# Slight boot problem?



## NoirX252 (Aug 1, 2009)

I'm getting a smidget of heel lift on my boots after riding them for around 2 days, the problem becomes magnified when doing toe side skidded turns at high speeds on steeps.

I have heat moldable boots which I haven't heat molded yet. Boots are rome libertines?

Would I go about fixing this by...

1. j bar then heat mold?
2. heat mold then try j bar if necessary?

3. any 3rd option here?

--Edit--

Just read more here, looks like as to my suspicion, heat molding will NOT make it better?
If I just ride it, will it be the the exact same or better than heat molding them? (molding it slowly via just using them vs heat mold)

I guess I'm going to use j bars for the heel lift problem?


----------



## boarderaholic (Aug 13, 2007)

Get rid of the stock footbeds and put some Superfeet in there. If possible, try and find some after market J-bars to put in and get some heel shims to put in there as well. Other than that, you're pretty much hooped, unless the store has an exchange policy on boots so that will allow you to get something smaller.


----------



## NoirX252 (Aug 1, 2009)

where does the j bar go? i dont' see/feel anyplace for them to "velcro" on to (rome libertine boots)


----------



## Ghost_Rider_X (Oct 16, 2009)

j bars go on the outside of the liner above your ankle bones...the round ones that poke out on both sides. usually they're just self adhesive and stick on the liner.

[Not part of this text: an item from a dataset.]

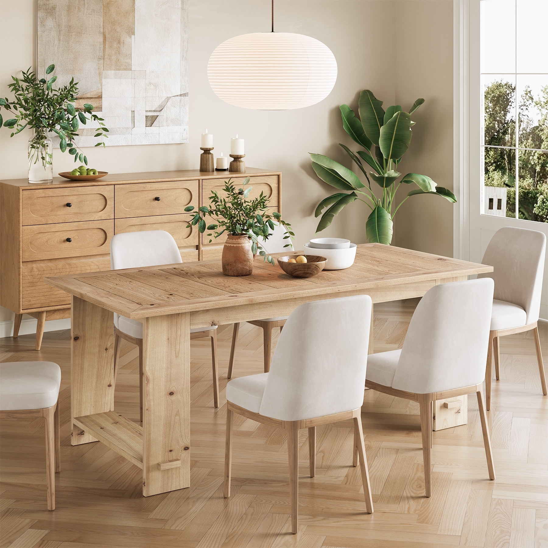 47-inch Round Dining Table Wood Dinner Table for 4-6 People
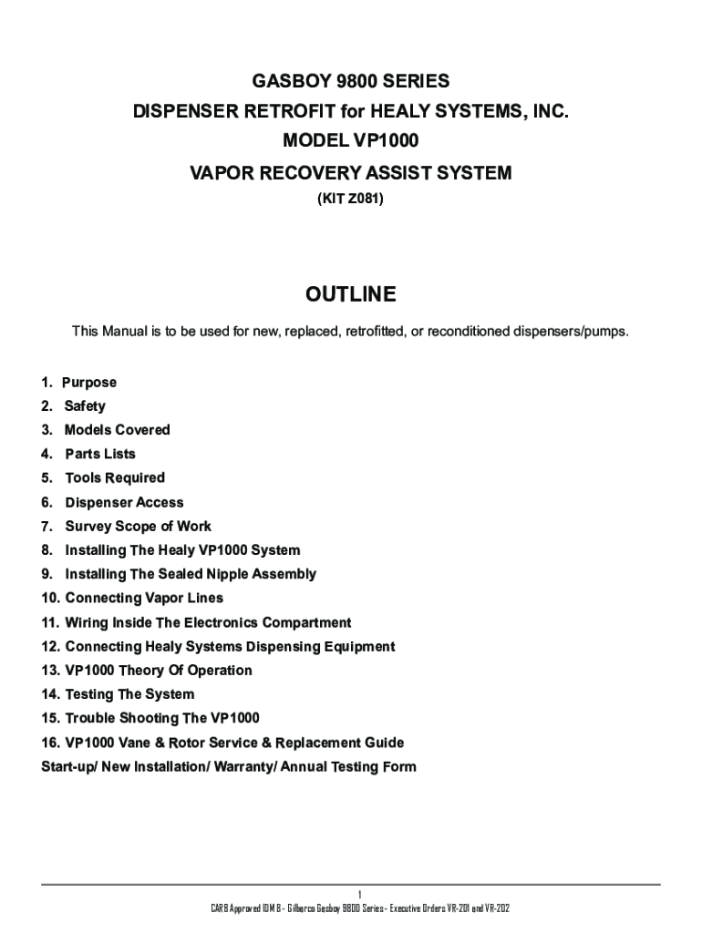 GABON 9800 SERIES DISPENSER RETROFIT for HEAVY SYSTEMS, INC. MODEL VP1000 VAPOR RECOVERY ASSIST SYSTEM (KIT Z081)OUTLINE This Manual is to be used for new, replaced, retrofitted, or reconditioned

i would try new insoles before anything. even with out heel lift you should get proper insoles...like superfeet. they make your boots more comfortable and supportive and because they take up room in the boot they might help your heel lift.


----------



## MunkySpunk (Jan 7, 2009)

Heat mold only packs out. You're not going to get much benefit from heat molding something that's already too large.


----------